--- START ---

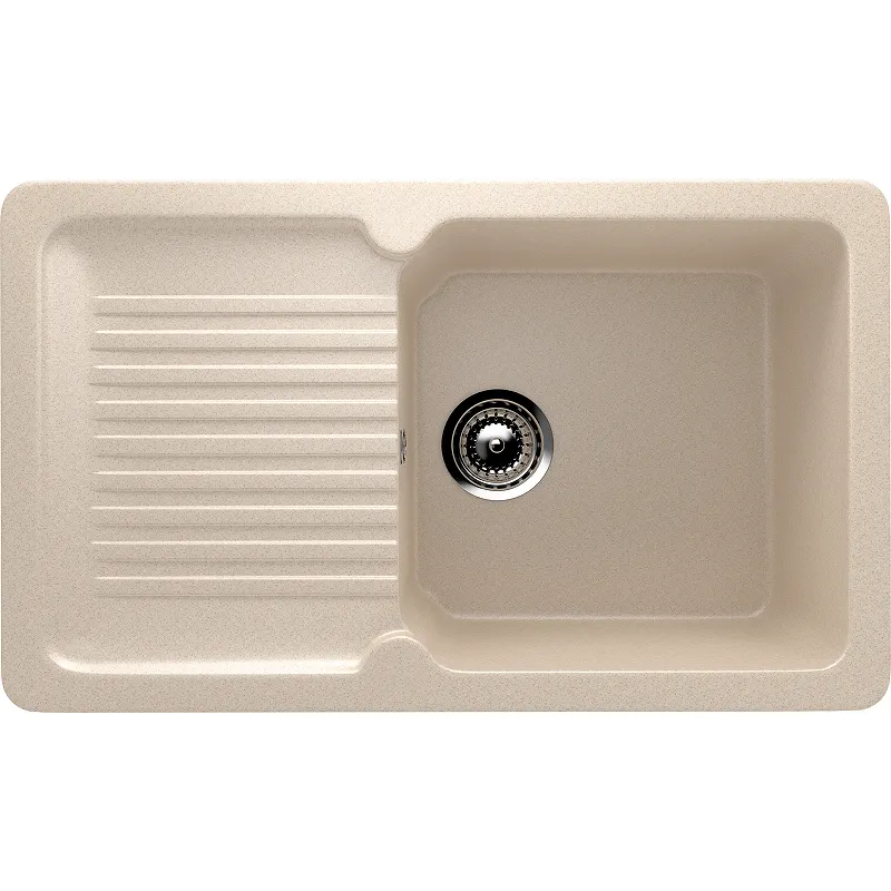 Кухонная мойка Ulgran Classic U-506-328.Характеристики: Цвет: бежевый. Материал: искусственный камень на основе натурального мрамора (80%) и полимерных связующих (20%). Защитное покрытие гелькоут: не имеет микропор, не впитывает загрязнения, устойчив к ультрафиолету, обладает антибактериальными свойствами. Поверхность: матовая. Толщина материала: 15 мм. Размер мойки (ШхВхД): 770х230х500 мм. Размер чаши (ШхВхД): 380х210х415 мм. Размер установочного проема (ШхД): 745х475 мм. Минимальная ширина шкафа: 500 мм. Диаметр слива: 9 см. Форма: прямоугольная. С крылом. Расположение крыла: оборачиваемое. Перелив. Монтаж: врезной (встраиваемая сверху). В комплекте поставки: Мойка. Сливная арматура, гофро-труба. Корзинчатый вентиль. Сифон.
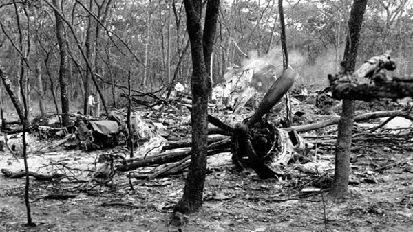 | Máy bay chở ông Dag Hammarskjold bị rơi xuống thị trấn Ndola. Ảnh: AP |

--- END ---
--- START ---

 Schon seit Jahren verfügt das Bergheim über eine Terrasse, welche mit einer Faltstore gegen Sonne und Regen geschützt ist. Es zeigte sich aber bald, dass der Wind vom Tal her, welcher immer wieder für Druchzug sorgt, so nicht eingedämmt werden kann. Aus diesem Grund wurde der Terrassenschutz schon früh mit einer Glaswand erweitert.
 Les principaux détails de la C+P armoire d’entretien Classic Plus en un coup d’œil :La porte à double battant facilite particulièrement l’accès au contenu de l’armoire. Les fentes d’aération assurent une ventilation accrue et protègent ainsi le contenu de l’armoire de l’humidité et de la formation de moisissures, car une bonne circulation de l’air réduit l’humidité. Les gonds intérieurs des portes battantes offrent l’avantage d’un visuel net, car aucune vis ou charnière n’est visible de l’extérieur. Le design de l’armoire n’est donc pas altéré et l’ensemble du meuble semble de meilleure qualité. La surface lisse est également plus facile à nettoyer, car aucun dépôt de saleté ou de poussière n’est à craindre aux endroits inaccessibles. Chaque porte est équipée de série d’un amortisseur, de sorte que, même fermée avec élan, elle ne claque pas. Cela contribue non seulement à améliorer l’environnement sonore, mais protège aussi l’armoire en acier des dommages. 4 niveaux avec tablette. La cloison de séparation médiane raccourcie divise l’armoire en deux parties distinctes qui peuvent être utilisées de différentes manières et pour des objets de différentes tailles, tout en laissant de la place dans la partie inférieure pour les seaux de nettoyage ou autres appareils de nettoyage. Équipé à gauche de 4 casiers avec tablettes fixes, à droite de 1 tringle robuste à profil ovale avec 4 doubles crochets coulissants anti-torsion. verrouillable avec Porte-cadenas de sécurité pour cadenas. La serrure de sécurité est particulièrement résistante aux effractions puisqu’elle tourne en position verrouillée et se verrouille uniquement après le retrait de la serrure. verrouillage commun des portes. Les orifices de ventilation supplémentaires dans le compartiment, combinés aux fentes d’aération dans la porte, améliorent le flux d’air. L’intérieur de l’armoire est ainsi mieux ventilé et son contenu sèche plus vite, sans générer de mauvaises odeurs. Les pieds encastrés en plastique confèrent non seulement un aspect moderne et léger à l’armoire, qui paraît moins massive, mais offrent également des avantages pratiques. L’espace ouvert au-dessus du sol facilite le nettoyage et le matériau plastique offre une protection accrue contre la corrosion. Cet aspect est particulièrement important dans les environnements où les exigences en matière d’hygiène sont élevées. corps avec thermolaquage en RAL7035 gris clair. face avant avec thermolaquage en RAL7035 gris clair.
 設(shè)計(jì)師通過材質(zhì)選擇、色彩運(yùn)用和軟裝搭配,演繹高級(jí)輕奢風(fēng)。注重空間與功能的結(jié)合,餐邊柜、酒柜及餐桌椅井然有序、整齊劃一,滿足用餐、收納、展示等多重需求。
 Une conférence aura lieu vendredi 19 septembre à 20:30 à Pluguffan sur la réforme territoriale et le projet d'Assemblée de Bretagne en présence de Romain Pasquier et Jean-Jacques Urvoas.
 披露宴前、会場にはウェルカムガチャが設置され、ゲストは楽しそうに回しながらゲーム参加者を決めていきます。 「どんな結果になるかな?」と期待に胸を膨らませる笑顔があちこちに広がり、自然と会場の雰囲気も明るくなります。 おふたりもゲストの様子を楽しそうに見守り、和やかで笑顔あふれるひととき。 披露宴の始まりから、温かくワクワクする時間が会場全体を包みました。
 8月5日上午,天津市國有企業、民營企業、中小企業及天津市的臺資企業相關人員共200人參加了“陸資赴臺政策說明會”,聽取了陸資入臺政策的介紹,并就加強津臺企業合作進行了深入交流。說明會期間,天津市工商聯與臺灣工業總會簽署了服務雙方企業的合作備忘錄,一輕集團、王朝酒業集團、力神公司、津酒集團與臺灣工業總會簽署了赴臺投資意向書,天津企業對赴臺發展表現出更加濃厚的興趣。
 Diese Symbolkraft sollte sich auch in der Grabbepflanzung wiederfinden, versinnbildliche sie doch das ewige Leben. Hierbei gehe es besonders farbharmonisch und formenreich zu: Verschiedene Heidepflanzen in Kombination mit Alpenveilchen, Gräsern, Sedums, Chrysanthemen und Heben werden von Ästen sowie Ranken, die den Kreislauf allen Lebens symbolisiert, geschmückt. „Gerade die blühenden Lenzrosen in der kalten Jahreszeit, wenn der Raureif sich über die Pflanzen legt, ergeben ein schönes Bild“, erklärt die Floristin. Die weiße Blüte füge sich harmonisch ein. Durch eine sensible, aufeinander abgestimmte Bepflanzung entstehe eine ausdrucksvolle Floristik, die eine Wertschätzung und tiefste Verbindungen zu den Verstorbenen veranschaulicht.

--- END ---
--- START ---

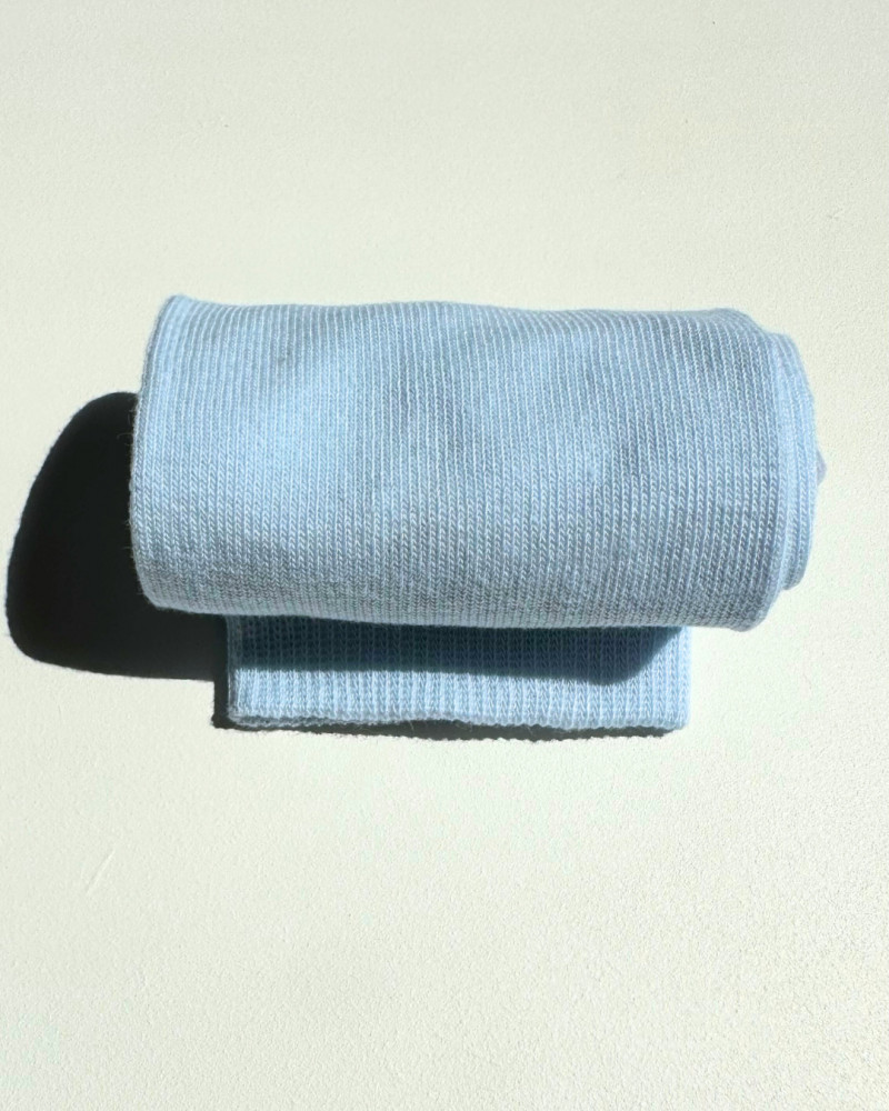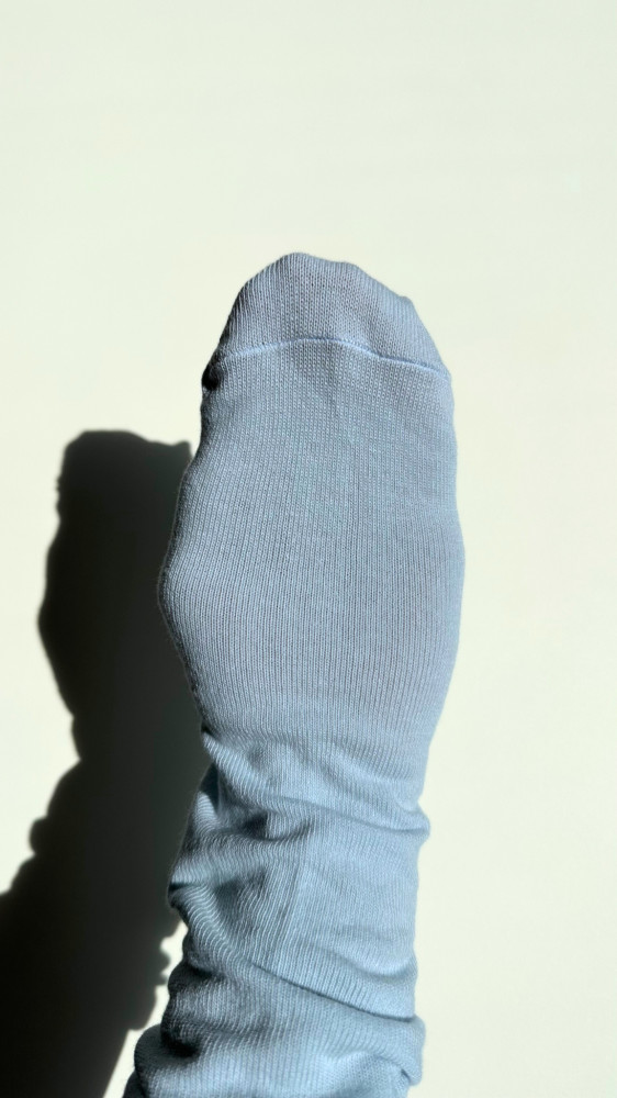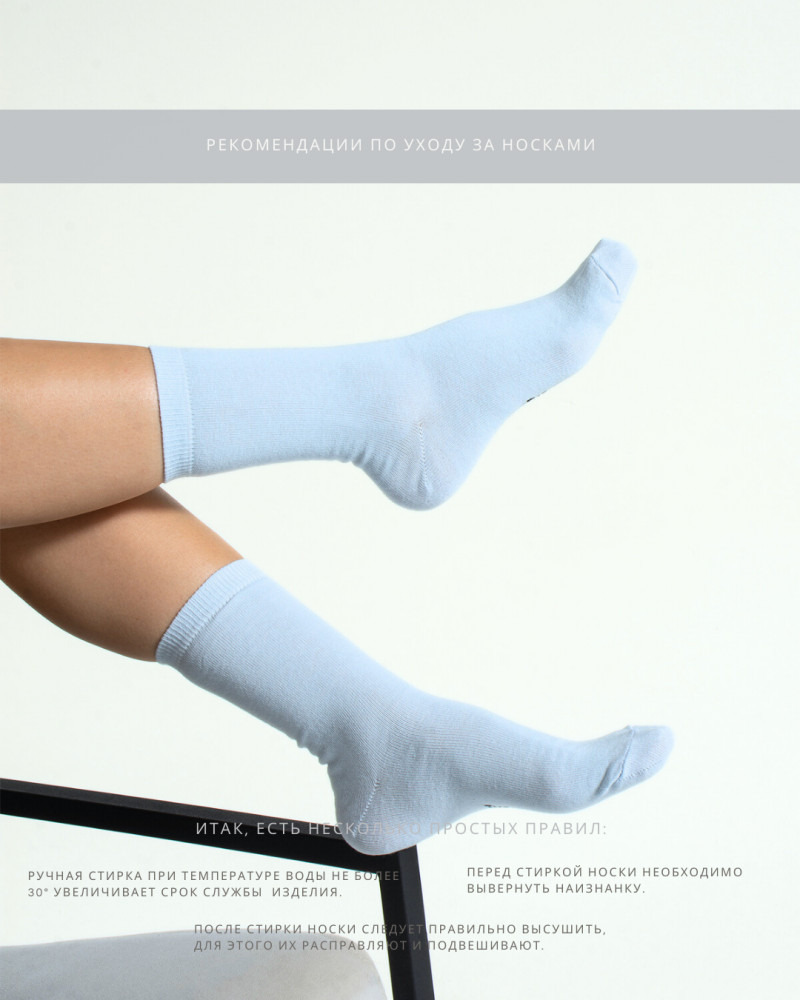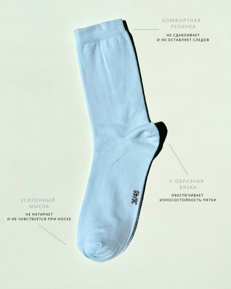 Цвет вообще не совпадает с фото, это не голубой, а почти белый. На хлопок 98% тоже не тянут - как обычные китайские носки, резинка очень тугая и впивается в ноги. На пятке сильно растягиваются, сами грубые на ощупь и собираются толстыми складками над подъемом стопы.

--- END ---

◆ About this task
Please transcribe exactly the lines above from the line that has "設(shè)計(jì)師通過" up to and including the line that has "Une conférence aura"; no other line belongs in the answer.

◆ Finished exercise
 設(shè)計(jì)師通過材質(zhì)選擇、色彩運(yùn)用和軟裝搭配,演繹高級(jí)輕奢風(fēng)。注重空間與功能的結(jié)合,餐邊柜、酒柜及餐桌椅井然有序、整齊劃一,滿足用餐、收納、展示等多重需求。
 Une conférence aura lieu vendredi 19 septembre à 20:30 à Pluguffan sur la réforme territoriale et le projet d'Assemblée de Bretagne en présence de Romain Pasquier et Jean-Jacques Urvoas.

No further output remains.